Segment Start: Source material

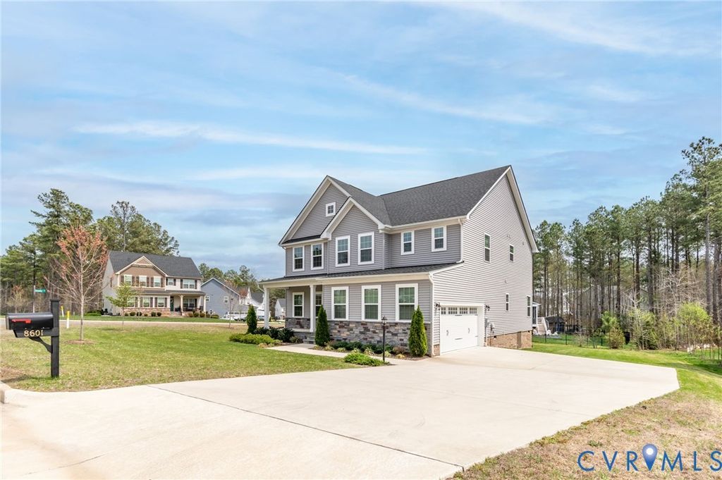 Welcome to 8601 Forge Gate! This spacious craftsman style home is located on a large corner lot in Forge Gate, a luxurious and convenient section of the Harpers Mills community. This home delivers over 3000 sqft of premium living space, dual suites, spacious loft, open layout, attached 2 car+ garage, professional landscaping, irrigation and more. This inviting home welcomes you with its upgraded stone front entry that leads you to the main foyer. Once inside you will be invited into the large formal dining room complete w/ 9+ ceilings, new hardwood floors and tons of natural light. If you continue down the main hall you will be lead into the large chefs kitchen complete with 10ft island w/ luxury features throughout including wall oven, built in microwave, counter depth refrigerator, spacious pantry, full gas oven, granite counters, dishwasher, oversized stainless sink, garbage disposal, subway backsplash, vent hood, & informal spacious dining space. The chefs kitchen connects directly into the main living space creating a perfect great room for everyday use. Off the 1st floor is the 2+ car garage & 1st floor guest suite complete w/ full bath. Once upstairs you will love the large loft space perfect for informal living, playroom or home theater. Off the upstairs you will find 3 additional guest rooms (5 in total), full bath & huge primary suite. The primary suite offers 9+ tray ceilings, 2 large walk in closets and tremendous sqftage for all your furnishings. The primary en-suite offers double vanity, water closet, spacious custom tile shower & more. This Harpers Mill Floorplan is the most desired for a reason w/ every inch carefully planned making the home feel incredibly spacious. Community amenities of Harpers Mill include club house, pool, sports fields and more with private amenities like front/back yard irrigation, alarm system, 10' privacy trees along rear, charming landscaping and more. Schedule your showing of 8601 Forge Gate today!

Segment End: Source material
Segment Start: Source material

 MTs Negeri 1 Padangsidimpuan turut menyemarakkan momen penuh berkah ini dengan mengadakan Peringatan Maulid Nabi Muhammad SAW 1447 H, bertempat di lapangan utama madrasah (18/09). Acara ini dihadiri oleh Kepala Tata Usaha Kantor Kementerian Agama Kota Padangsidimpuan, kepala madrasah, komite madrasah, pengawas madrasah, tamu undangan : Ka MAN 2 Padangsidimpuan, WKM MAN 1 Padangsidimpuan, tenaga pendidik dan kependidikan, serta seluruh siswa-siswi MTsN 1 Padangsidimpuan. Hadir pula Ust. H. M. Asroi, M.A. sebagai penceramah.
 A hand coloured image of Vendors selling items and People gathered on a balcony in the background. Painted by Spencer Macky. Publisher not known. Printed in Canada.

Segment End: Source material

→ **Description of the task**:
Please give again the lines above between the line holding "MTs Negeri 1" and the line holding "A hand coloured", inclusive, exactly as they are and with nothing added.

→ **Solution**:
 MTs Negeri 1 Padangsidimpuan turut menyemarakkan momen penuh berkah ini dengan mengadakan Peringatan Maulid Nabi Muhammad SAW 1447 H, bertempat di lapangan utama madrasah (18/09). Acara ini dihadiri oleh Kepala Tata Usaha Kantor Kementerian Agama Kota Padangsidimpuan, kepala madrasah, komite madrasah, pengawas madrasah, tamu undangan : Ka MAN 2 Padangsidimpuan, WKM MAN 1 Padangsidimpuan, tenaga pendidik dan kependidikan, serta seluruh siswa-siswi MTsN 1 Padangsidimpuan. Hadir pula Ust. H. M. Asroi, M.A. sebagai penceramah.
 A hand coloured image of Vendors selling items and People gathered on a balcony in the background. Painted by Spencer Macky. Publisher not known. Printed in Canada.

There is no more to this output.